── DATA EXTRACTS ──

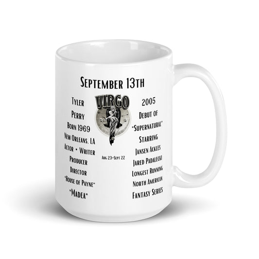 On This Day: Birthday Series - September 13th - (A) Tyler Perry & "Supernatural" - White glossy mug
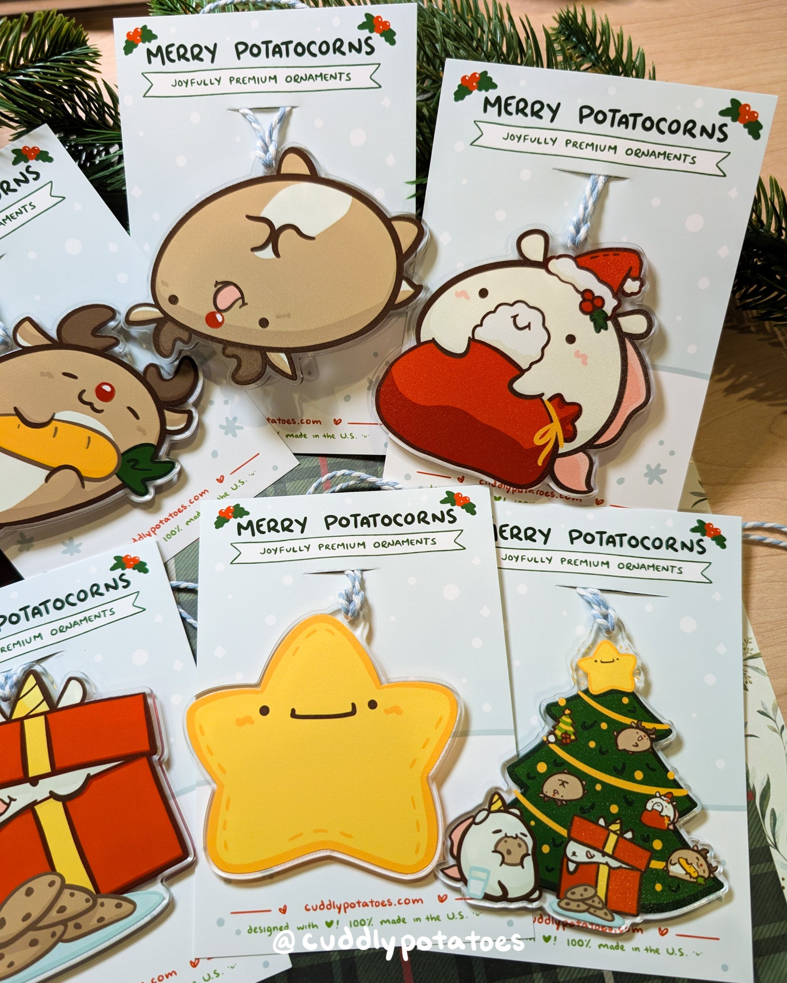 These cuddly holiday-themed ornaments are premium, high koality friends, sure to stand up to everyday use. Featuring potato-y reindeer, a santa potatocorn (potato-shaped unicorn), a cookie-eating potatocorn, a present potatocorn, a christmas tree, and a star. They are double-sided, sturdy, and scratch-resistant with a lovely matte shimmer coating on top. Colors may vary due to each computer monitor. Made with certified organic hugs.
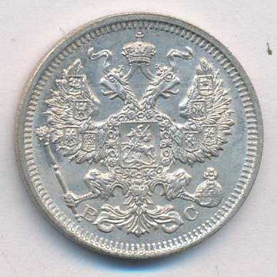 Лицевая сторона — гербовый орел, оборотная —обозначение номинала (20 копеекъ), окруженное венком из лавровой и дубовой ветвей и дата.
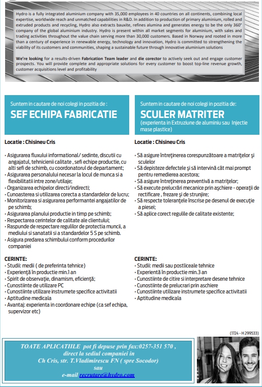 Companie austriaca in domeniul procesarii textilelor, angajeaza operatori in diverse departamente din productie. Nu se solicita experienta in domeniu.
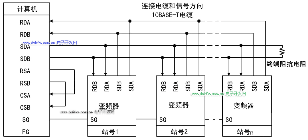 計算機與多臺變頻器連接時,PU接口的連接如下圖所示。圖中分配器的功能是將一路信號分成多路信號,另外,由于傳送速度、距離的原因,可能會出現信號反射造成通信障礙,為此可給最后一臺變頻器的分配器安裝終端阻抗電阻(100Ω)。
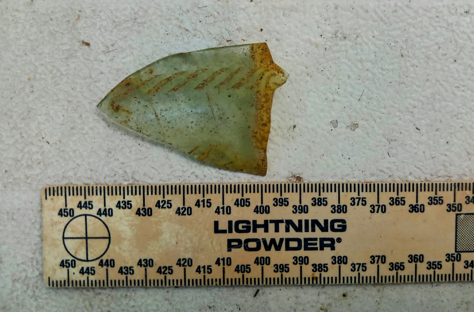 Nella 3000 infine stanno emergendo le fondazioni dell’abside che mostrano imponenti attività di spoliazione, con asportazione dei paramenti esterni. Da quest’area, all’interno dell’abside, proviene un reperto vitreo di grande interesse, la parete di una forma chiusa (ampolla?) che mostra una decorazione sinusoidale dipinta. Potrebbe trattarsi di un oggetto vitreo per uso liturgico di età basso medievale.
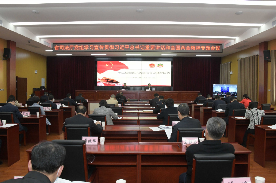 会议指出,今年的全国两会是在“两个一百年”奋斗目标历史交汇点上召开的一次十分重要的会议。全省司法行政系统要把学习宣传贯彻全国两会精神特别是习近平总书记重要讲话精神作为当前一项重要政治任务,全面把握精神实质,深刻理解核心要义,自觉在思想上政治上行动上同以习近平同志为核心的党中央保持高度一致。要胸怀“国之大者”,深刻认识进入新发展阶段、贯彻新发展理念、构建新发展格局的新形势新任务,准确把握推进高质量发展、创造高品质生活、实现高效能治理的新目标新要求,充分发挥司法行政职能作用,为全面建设社会主义现代化国家提供法治保障、贡献法治力量。要把学习贯彻全国两会精神与学习贯彻党的十九届五中全会和习近平总书记来陕考察重要讲话精神以及习近平法治思想结合起来,与开展党史学习教育、政法队伍教育整顿等年度重点工作结合起来,对标“十四五”规划和2035年远景目标纲要,对照今年工作任务要求,主动担当作为,以昂扬向上的精神状态助推“十四五”开好局、起好步。
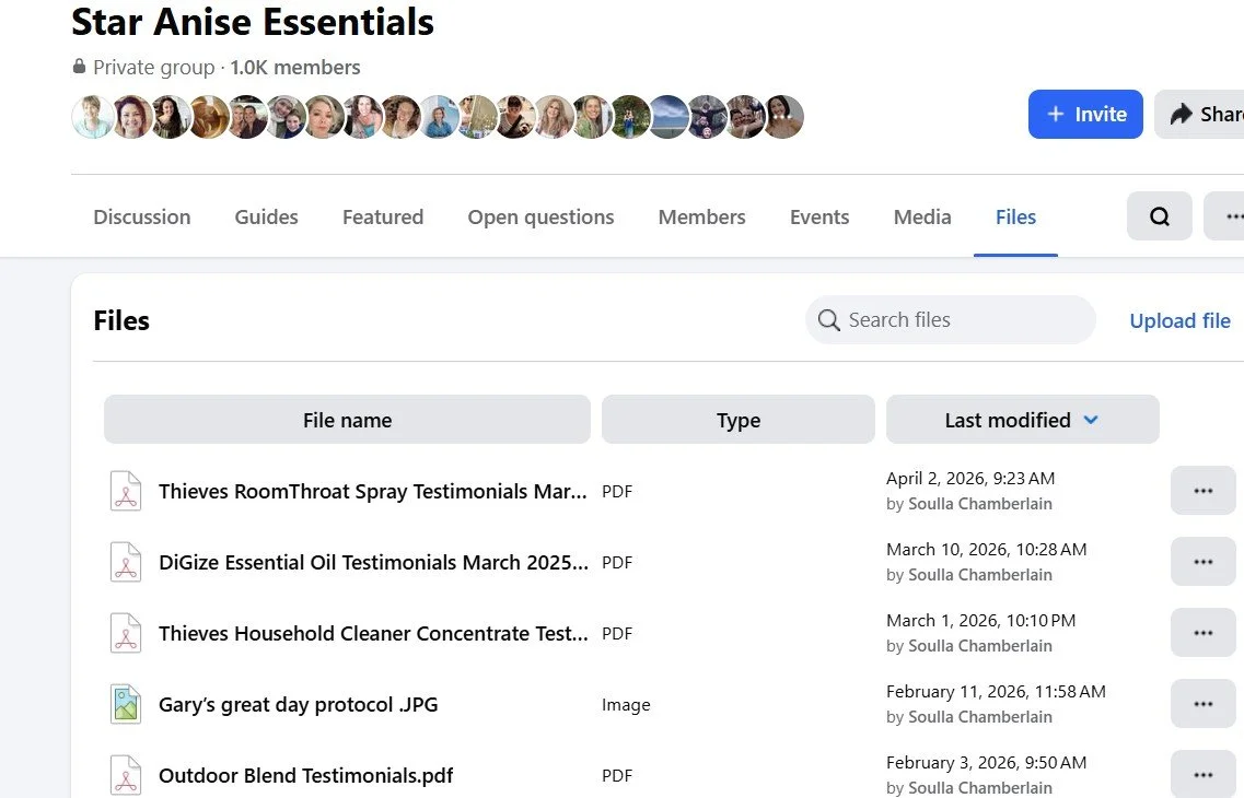 We have saved a copy of these testimonials in the “files” section at the very top of the closed Star Anise Essentials FB page.
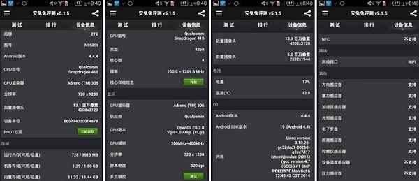 中兴V5 Max搭载最新的64位骁龙410处理器(MSM8916),四核1.2GHz,这与同时发布的中兴V5S保持一致,不过V5 Max在存储方面有了全面提升,内存和内置存储分别由1GB+8GB升级到2GB+16GB,在千元内手机中已经处于旗舰级别。
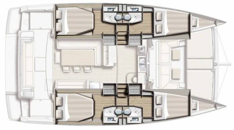 Catamarano Bali 4.1 Double Six, costruito nel 2019 è ormeggiato in Malta, Kalkara Marina, Malta Xlokk, Malta. Ha 4 cabine, può ospitare 8 + 2 persone e dispone di 4 bagni.
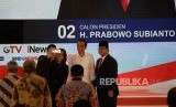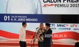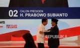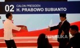 Capres No 01 Joko Widodo dan Capres No 02 Prabowo Subianto usai debat kedua calon presiden pemilu 2019, Jakarta, Ahad (17/2). (FOTO : Republika/Prayogi)
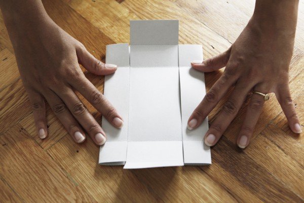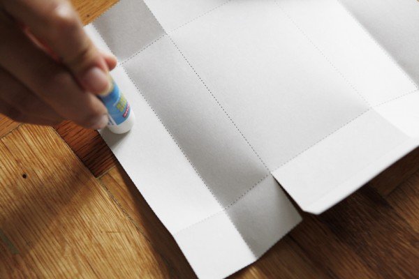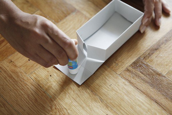 Step three: Fold and glue long side of box up first. Fold and glue shorter sides of box to fold over flap ends of long sides.
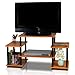 The light brown oak wood grain finish with black metal accents gives this MDF and laminated particleboard TV stand a contemporary style sure to complement any room’s décor.
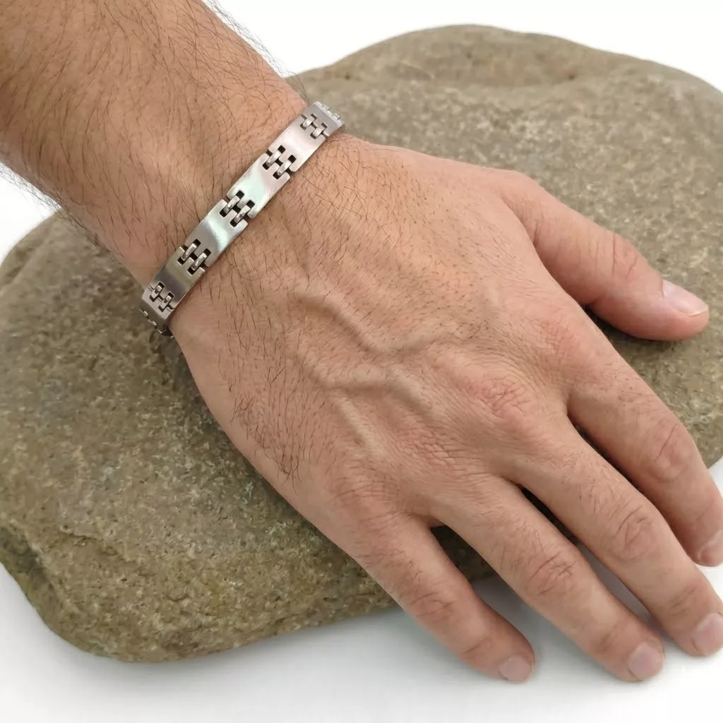 Ezüst színű titán ( 316L ) karkötő mágnessel.

───

● **WHAT YOU NEED TO DO**: The reply should hold only the lines running from the top of the records to the line containing "Nella 3000 infine", both included, copied exactly with no pictures.

● **EXERCISE OUTPUT**:
 On This Day: Birthday Series - September 13th - (A) Tyler Perry & "Supernatural" - White glossy mug
 These cuddly holiday-themed ornaments are premium, high koality friends, sure to stand up to everyday use. Featuring potato-y reindeer, a santa potatocorn (potato-shaped unicorn), a cookie-eating potatocorn, a present potatocorn, a christmas tree, and a star. They are double-sided, sturdy, and scratch-resistant with a lovely matte shimmer coating on top. Colors may vary due to each computer monitor. Made with certified organic hugs.
 Лицевая сторона — гербовый орел, оборотная —обозначение номинала (20 копеекъ), окруженное венком из лавровой и дубовой ветвей и дата.
 Companie austriaca in domeniul procesarii textilelor, angajeaza operatori in diverse departamente din productie. Nu se solicita experienta in domeniu.
 計算機與多臺變頻器連接時,PU接口的連接如下圖所示。圖中分配器的功能是將一路信號分成多路信號,另外,由于傳送速度、距離的原因,可能會出現信號反射造成通信障礙,為此可給最后一臺變頻器的分配器安裝終端阻抗電阻(100Ω)。
 Nella 3000 infine stanno emergendo le fondazioni dell’abside che mostrano imponenti attività di spoliazione, con asportazione dei paramenti esterni. Da quest’area, all’interno dell’abside, proviene un reperto vitreo di grande interesse, la parete di una forma chiusa (ampolla?) che mostra una decorazione sinusoidale dipinta. Potrebbe trattarsi di un oggetto vitreo per uso liturgico di età basso medievale.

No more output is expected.